Irish journalist and writer (1991–2024)

Nicholas Sheridan (30 October 1991 – 6 March 2024) was an Irish journalist, television presenter and author who worked in the UK and Ireland.

==Early life and career==
Nick Sheridan was born in Wexford on 30 October 1991. He attended St Peter's College, where he was involved with the school's musical productions and graduated as "Student of the Year" in 2010. Sheridan graduated from Dublin City University, majoring in journalism, and moved to Glasgow in 2017.

Sheridan worked in broadcasting for more than 10 years. He started his career at Newstalk as a newsreader and worked as a researcher at Late Lunch Live. In 2009, Sheridan was named Young Irish Filmmaker of the Year and travelled to South Korea for the Seoul International Film Festival. In 2016, he won the Prix CIRCOM Regional Rising Star Award. He presented and reported in RTE's News2day programme for two years before he moved to the UK in 2018 and joined the BBC in Glasgow.

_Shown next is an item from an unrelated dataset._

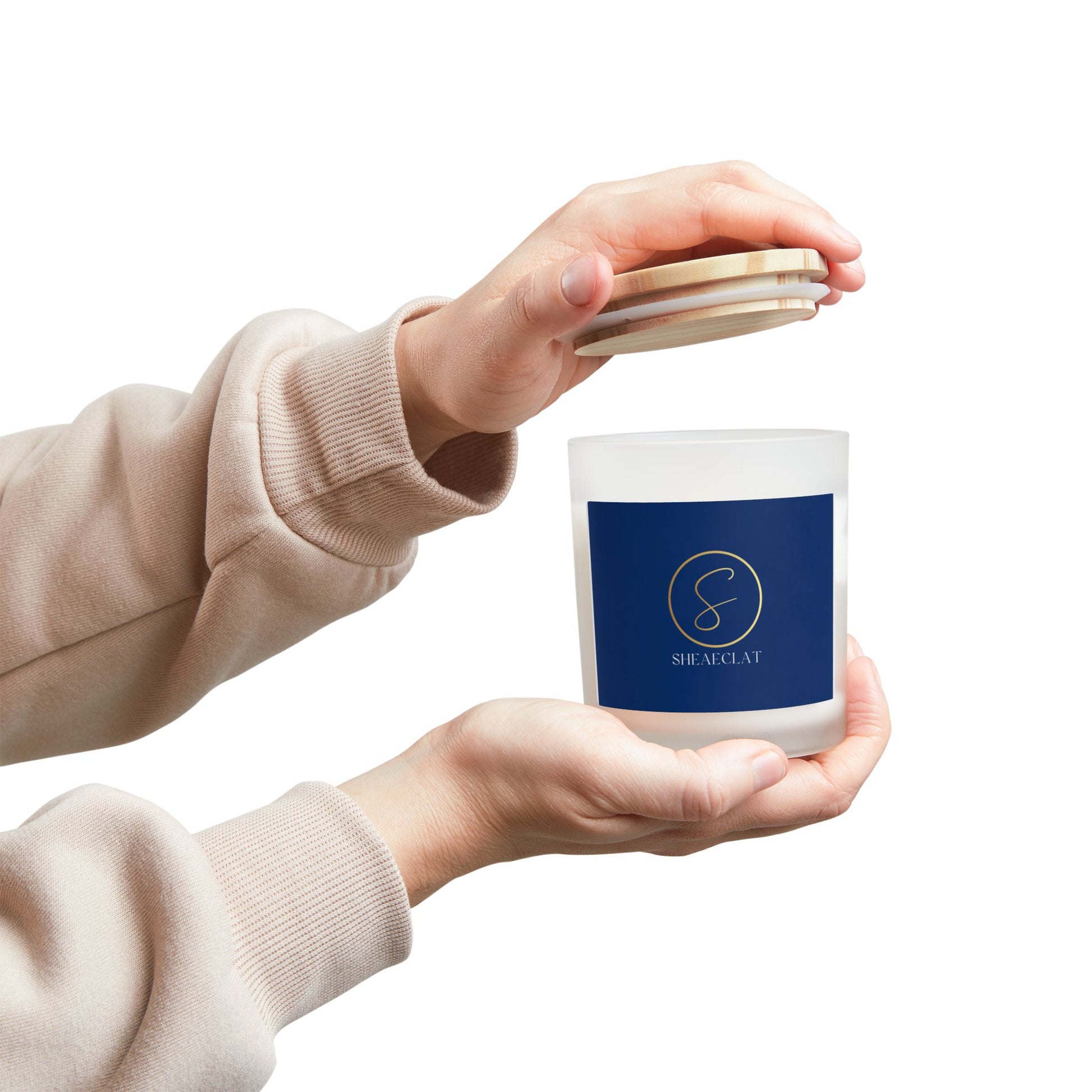 "Shea Eclat Gold Logo" Frosted Glass Candle, 11oz
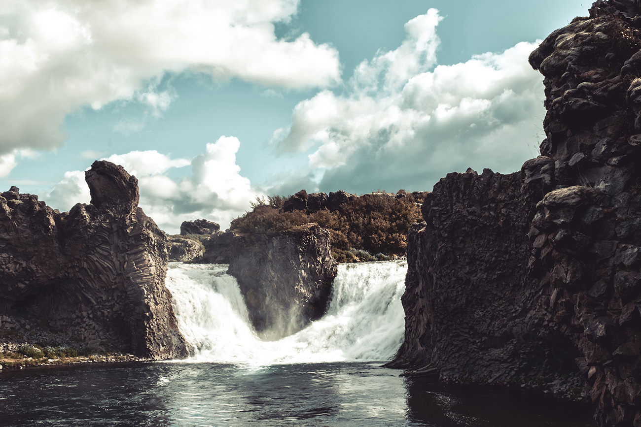 Das heutige Bild zeigt mit dem Hjálparfoss einen der schönsten Wasserfälle Islands. Die Wasser des Flusses stürzen über bizarr geformte Basaltsäulen in gleich zwei Kaskaden in die Tiefe (ca. neun Meter). Grund dafür ist eine kleine Basaltinsel, die den Flusslauf kurz zuvor in zwei Arme teilt.

In Glasgow, he was initially employed as a researcher with BBC Scotland. Sheridan later expanded into working as a camera journalist, correspondent and presenter. Sheridan presented programmes including Reporting Scotland, Drivetime, The Nine, Seven Days, Lunchtime Live, Good Morning Scotland, and The Sunday Show. He left working full time there to focus on writing children's books, but continued to work freelance for the BBC.

Sheridan also worked as a broadcast journalist at STV.

In 2021, he released his first book, Breaking News: How to tell what’s real from what’s rubbish. In 2022, he wrote the first book of a trilogy of books, entitled The Case of the Runaway Brain. The book was followed by its 2023 sequel, The Case of the Phantom Treasure. His final book, The Case of the Poisonous Pigs, was published in 2024. Sheridan was also a guest lecturer at the University of West Scotland.

==Personal life and death==
Sheridan came out as gay at the age of 16.

He died in Glasgow on 6 March 2024, at the age of 32. Sheridan had suffered a brain aneurysm on 25 February and was put in an induced coma. A minute of silence was held for him at BBC Scotland offices. First Minister of Scotland Humza Yousaf paid tribute to Sheridan in the Scottish Parliament, describing him as an "extremely talented journalist and author". Sheridan's funeral was held in his home town of Castlebridge on 13 March.